Cómo guardar correctamente un saco de dormir en la mochila.
Lo primero es lo primero: el saco de dormir casi siempre debe colocarse en la parte baja de la mochila, pero sin quedar desprotegido. La solución más común es colocarlo en el fondo del compartimento principal, dentro de una bolsa impermeable o con un forro aparte para protegerlo de la humedad. Esto rellenará bien el fondo y creará una base suave para el resto de la mochila.
Muchas personas utilizan la bolsa de compresión incluida para minimizar el volumen. Esta puede ser la mejor opción en viajes donde cada litro cuenta, pero tiene sus desventajas. La compresión constante durante todo el día desgasta el relleno más que si se deja que el saco se comprima un poco menos. Si tienes una mochila grande o mucho espacio, suele ser mejor dejar que el saco de dormir se expanda un poco dentro de la bolsa de compresión y se adapte al espacio disponible.

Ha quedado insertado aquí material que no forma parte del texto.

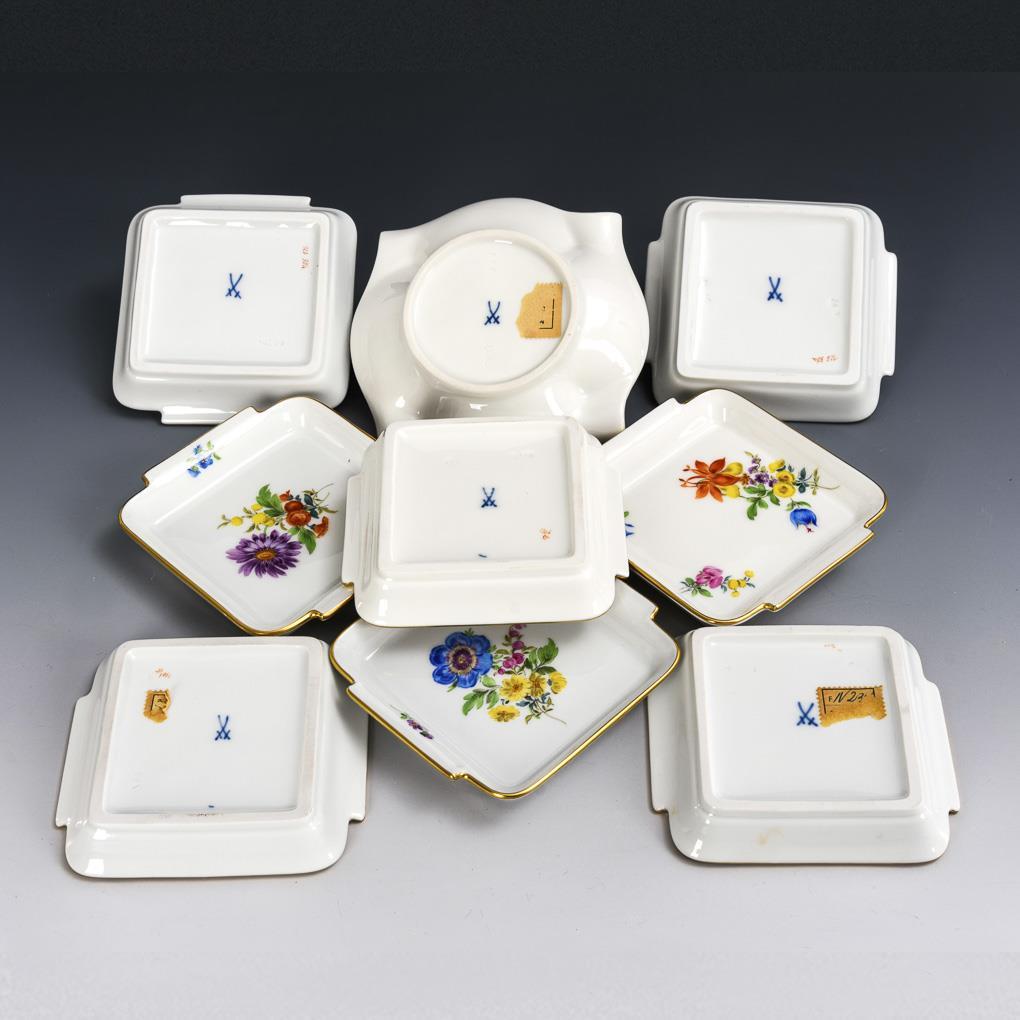 1 Ascher und 8 Untersetzer mit Blumenmalerei. Meissen.

Esto es especialmente cierto en el caso de los sacos de dormir de plumas. Las plumas son sensibles a la humedad y se conservan mejor cuando mantienen su volumen. Los sacos de dormir sintéticos suelen soportar un trato un poco más brusco y a menudo recuperan mejor su forma tras la compresión, pero incluso en estos casos es recomendable evitar ejercer más presión de la necesaria.
Bolsa de embalaje o bolsa de compresión: ¿cuál es la mejor opción?
Depende del viaje, del clima y del saco de dormir que uses. Una bolsa de compresión normal suele ser la mejor opción para quienes desean proteger su saco de dormir sin comprimirlo más de lo necesario. Funciona bien en mochilas grandes y en viajes donde el peso ligero no tiene que estar ligado a un volumen mínimo.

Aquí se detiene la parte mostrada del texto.